2.      Heating sources

3.      Heat sinks

4.      Thermocouples and thermocouple selector

5.      Digital temperature indicator

6.      A large graduated cylinder, and a stopwatch

 Some of the apparatus for the experiment are discussed below.

 Conduction Elements

 1.      For derivation of Fourier's law

The apparatus consists of a variable area and a constant area thermal conductor, each mounted vertically on a separate 0°-700°F hot plate, and terminated on the upper end with a fluid-cooled heat sink.  Each bar is in contact at its lower end with its own hot plate.  The contact for the tapered bar (Unit \# 3, Figure 1) is at the smallest end.  Both bars are the same diameter at the upper end at the heat sink.  All heating and conducting elements are enclosed in the insulating jacket.  Figure1 illustrates the schematics of the apparatus. The dimensions of the tapered rod are indicated in Fig. 2.


 

Figure 1. Conduction apparatus for Derivation of Fourier’s Law

 


                  Figure 2. Dimensions of the tapered rod conduction unit

 

2.      For thermal contact resistance

      The apparatus consists of an insulated, tubular-shaped unit containing in the central section a 1850°F tube furnace which heats two axially-aligned, slightly separated, stainless steel bars to one of which is attached end-to-end, left, a copper, then a steel bar; and to the other, right, an aluminum followed by a magnesium bar.  Each bar assembly terminates in an immersion-type, fluid cooled heat sink which is used both to regulate and to measure heat flux through the terminal cross-section of the bar.  Means for independent control of fluid flow rates through each heat sink is provided.  All heating and conducting elements are enclosed in an insulating jacket.  A schematic of the apparatus is shown in Figure 3.

 


 Figure 3. Conduction apparatus for the thermal contact resistance experiment

 

Two stabilized stainless steel bars are used to conduct heat from the high temperature zone within the furnace into both sides of the apparatus.
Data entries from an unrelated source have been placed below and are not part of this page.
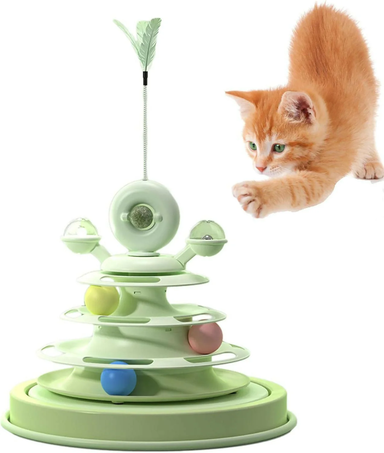 Utiliza nuestro juguete giratorio para gatos para despertar el interés de los gatos en rascarse, reducir su daño en casa y proteger eficazmente tus muebles. La menta atrae a los gatitos para que puedan jugar todo el día. La torre de bolas para gatos tiene que garantizar que los gatos puedan jugar libremente sin lastimarse.
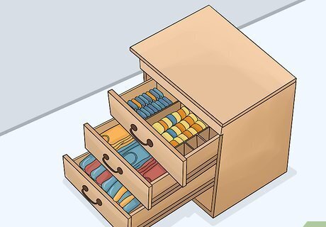 Dedicate certain drawers to specific items of clothing. Don’t mix your socks, tops, and shorts in 1 area! Instead, designate 1 drawer each for your undergarments, tops, bottoms, pajamas, and so forth. For instance, if your dresser has 3 drawers, dedicate the top section to undergarments and socks, the middle section to shirts and tops, and bottom section to pants and bottoms.Tip: Invest in dividers or bins if you’re storing small garments like socks or underwear.
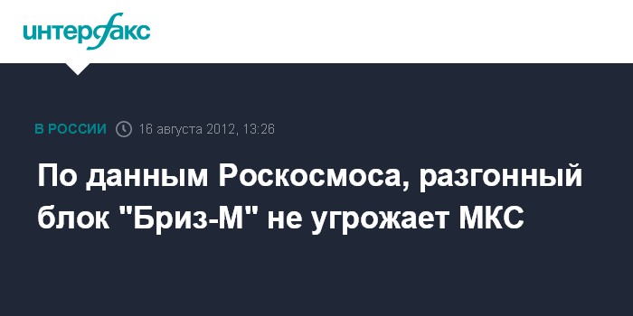 По данным Роскосмоса, разгонный блок "Бриз-М" не угрожает МКС
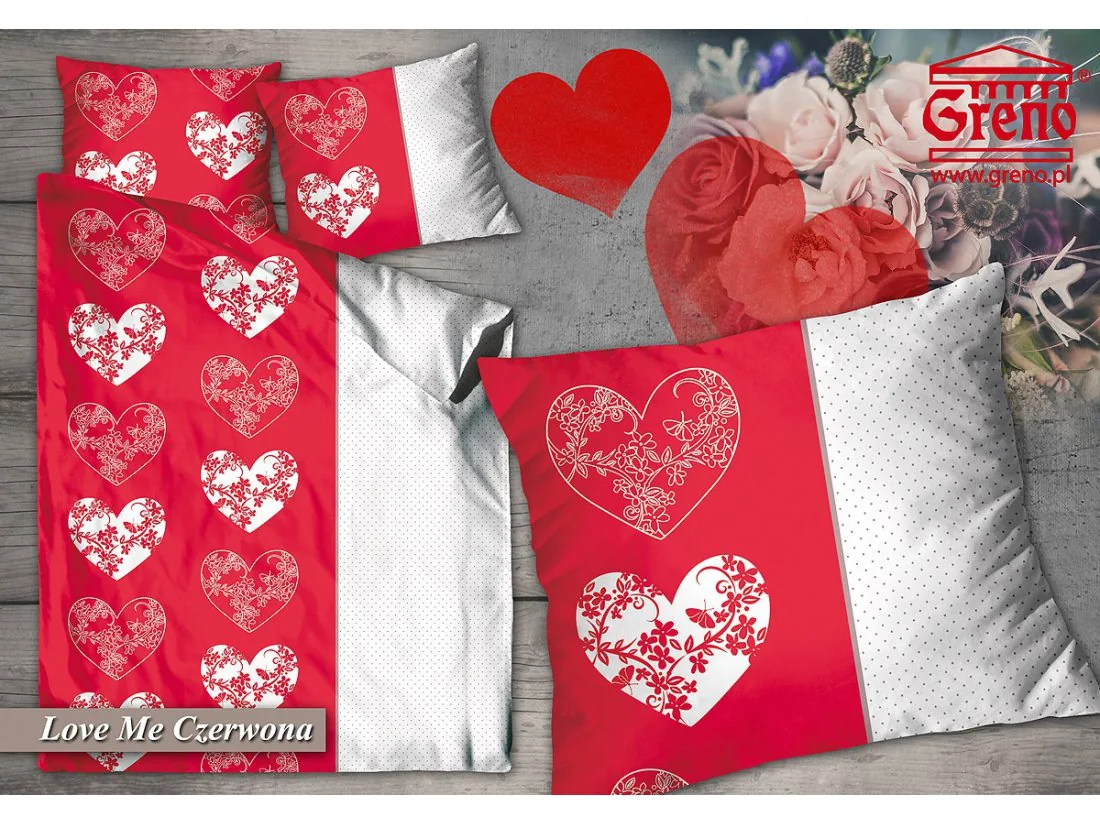 Komplet pościeli bawełnianej Bielbaw firmy Greno wzór Love Me Czerwona 140x200 to najnowsze trendy w konfekcji pościelowej oraz romantyczny wzór serduszek w modnej czerwono białej kolorystyce.
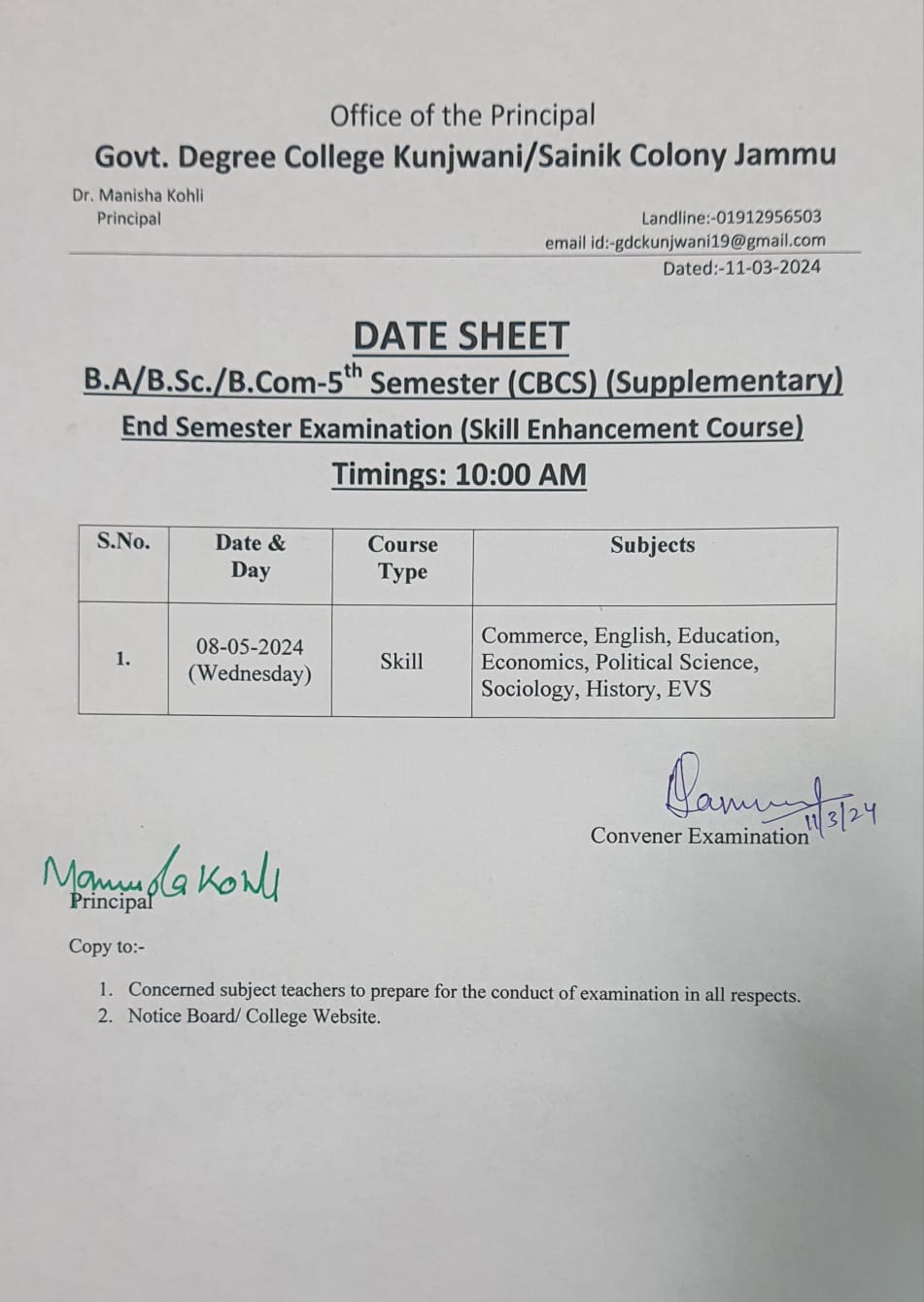 Date Sheet BA/BSc/BCom 5th Semester (CBCS) (Supplementary)End Semester Examination (Skill Enhanncement Course)

The stabilized stainless steel bars maintain a uniform and durable surface condition which is essential because most of the heat entering the bar is transmitted from the heating elements directly by radiation, and any change in the interface conditions of the bar after a number of operations would affect the measurements.  Furthermore, the two bars extending left and right from the center of the furnace are slightly separated to prevent either bar acting as an undesired heat sink for the other.

 

At the left, attached axially to the stainless steel bar, there is a bar of conditioned copper with a steel bar attached to it in a similar manner.  At the right, aluminum and magnesium bars are similarly arranged.  Each set of bars is tightly screwed together.  Thus, the bars provide durable heat conduction and at the same time provide for measurable barrier effects. 

 

Heat Source

 1.      For derivation of Fourier's law

 

Two hot plates are used as the heat source, one each for the variable area conductor (Unit #3) and for the constant area conductor (Unit #4). Each hot plate draws 6.1 amps at 120 volts and has its own dial control knob.  The dial knob is a combination on-off switch and heating rate selector with a built-in thermostat and an indicator light.  With the knob at the counterclockwise end of the dial scale, the current is switched off.  Turning the knob clockwise starts the flow of current, and allows the operator to select a desired heat rate up to the maximum of 750 watt.

  

2.      For thermal contact resistance

 

The tube furnace is especially oriented to heat two horizontal stainless steel bars in axial alignment.  The left-handed stainless steel bar is coupled to a copper bar, the copper bar to a steel bar, which in turn is coupled to a copper element of the heat sink (Unit #1).  The right hand stainless steel bar is coupled to an aluminum bar and the aluminum bar to a  magnesium bar, which is again coupled to a copper element of the heat sink (Unit #2).  Heat flows in series through these units.  Thermocouples located along these axes of the bars are spaced longitudinally to enable the experimenter to take temperature measurements at critical points along the entire length of the heat flow.  The furnace is rated at 750 watts and requires 115 V AC.  The furnace base contains a multi-step temperature-controlling transformer; all internal wiring originates from this point.

 

To regulate temperature, proper adjustment of the control on the front panel must be made. To obtain the fastest heating, the switch should be set on the Number 10 position. However, you must be very careful to reduce the maximum input at the proper time to prevent over-heating and possible burnout of the heater units. Maximum safe operating temperature for the furnace is 1850° F. This corresponds approximately to the Number 6 position for 120 V AC. operation.

 

Heat Sink

 

The heat path of each unit ends in a liquid-cooled heat sink for independent measurement of heat flux.  The heat sink is a well in the upper end of the vertical conductor bar, as shown in Figure 4.  For Units #1 and #2, a copper element, attached to the end of each set of bars, extends horizontally into the coolant chamber as shown in Figure 5.  The heat sink inlet manifold has one thermocouple and each heat sink outlet has its own thermocouple.  Locations of heat sink thermocouples are shown in Figure 6.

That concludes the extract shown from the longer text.